In his honor, since 2023, the trophy awarded to the winner of the men's race at the Porto Alegre International Marathon bears his name.

== Positions and achievements ==

He was the anchor of journalistic programs between 1959 and 2006. He commanded the coverage of all elections on the stations where he worked.

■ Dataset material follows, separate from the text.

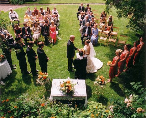 d) Resta: casamiento de día en jardines amplios. Aunque parece interesante para los invitados, para los novios la dispersión es un pain in the ass. Resulta imposible reunir a todos cuando se los necesita. Por ejemplo si se quiere proyectar un video de los novios haciendo la misma gesticulación ridícula en diferentes postales del mundo o bailar el vals o lo que fuere, hallarán que los invitados se están haciendo los Robinson Crusoe en lugares recónditos del jardín. Los invitados, con espíritu intacto de exploradores, salen a recorrer el verde y, dicen las malas lenguas, que muchos ni siquiera vuelven.

He was also an executive, holding the position of programming director at Rádio Difusora and Rádio Farroupilha between 1964 and 1968, superintendent director of TV Piratini in 1969, programming director at Rádio Guaíba between 1976 and 1984, programming manager at Rádio Gaúcha between 1988 and 1992 and director general of Rádio Gaúcha between 1992 and 2006.

He was Vice President of Radio at Association of Radio and Television Stations of Rio Grande do Sul between 1978 and 1984.

In 1996, Ranzolin was admitted by President Fernando Henrique Cardoso to the Order of Military Merit in the rank of Special Officer.

== Personal life ==

From 1963 until his death, Armindo was married to Yara Borges Ranzolin, with whom he had two children: the journalist and presenter of RBS TV (TV Globo-affiliated television station in Rio Grande do Sul), Cristina Ranzolin, and the lawyer Ricardo Ranzolin, and three grandchildren: Henrique, Manoela and Antônia.